The mitzvah to write a Torah scroll (מצוות כתיבת ספר תורה) is the second to last mitzvah of the 613 Jewish commandments. It mandates Jews to write a Torah scroll for themselves. The source of the mitzvah is from what is said in Parashat Vayelech in Book of Deuteronomy:
Now write down this song and teach it to the Israelites and have them sing it, so that it may be a witness for me against them"

In the Oral Torah it is said that although according to the verse only the parasha "Hazinu" should be written, but since it is forbidden to write only one parsha from the Torah, necessarily the intention of the Torah in this mitzvah is to write the whole Torah.

== Purpose ==
The mitzvah was given for two reasons, the first is that in writing the Torah in ink on the parchment there is a continuation of the tradition of Israel, and the passing on of the testimony of "the event of Mount Sinai". The second reason is so that Torah scrolls are in the hands of every person in Israel, and anyone who wants to study them will be able to do so.

== Laws ==
Even a person who inherits a Torah scroll from their parents is obligated to also write one themselves.

Anyone who does not know how to write a Torah scroll, or has difficulty writing it, can hire someone to write it for them, or otherwise buy a written Torah scroll. After finishing the writing, it is customary to bring the person into the synagogue in a big celebration, in a Torah scroll insertion ceremony.

=== Possession of a Torah scroll ===
Due to the high prices of Torah scrolls (typically over $10,000), it is difficult for many people to have a Torah scroll in their possession. Therefore, rabbis such as Moshe Feinstein ordered that anyone who does not have enough money is released from the mitzvah. Rabbi Moshe Feinstein rules that it is forbidden to spend more than a tenth of a person's fortune on this mitzvah as there may not be enough money left over for other mitzvahs.

=== Women in the mitzvah ===
There is a disagreement whether women are also included in this mitzvah.

In the Sefer ha-Chinuch, it is written that the obligation to write a Torah scroll is only for men, because they are obligated by the Talmud Torah mitzvah. However, The Shaagas Aryeh wrote that women are also obligated to write a Torah scroll, even though they are exempt from Talmud Torah as they are still obligated to study the practical laws and foundations of faith and morality.

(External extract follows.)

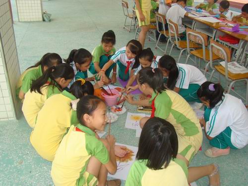 学生们进行“放飞中国梦”书画比赛
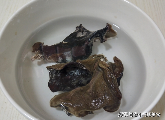 第二步:木耳加入溫水浸泡,木耳還可以買泡發好的,再手撕成小片狀,但個人覺得幹木耳做成的湯,更清脆,味道也比較好。

This is also the reason why they bless the Birkot HaTorah. In addition, in Shaagas Aryeh's opinion, the mitzvah does not depend on the Talmud Torah mitzvah at all, rather a mitzvah in itself that is directed towards all Jews, including women.

Most of the latter Poskim rule that in principle women are exempt from the mitzvah of writing a Torah scroll, but if they wish to participate in financing a Torah scroll, a blessing will come upon them. In regarding the second part of the mitzvah which is the obligation to buy books for the purpose of Torah study, Rabbi Eliezer Melamed in the Peninei Halakha stated that women are obligated and that every woman is commanded to have basic books in halakha, the Bible, faith and morals.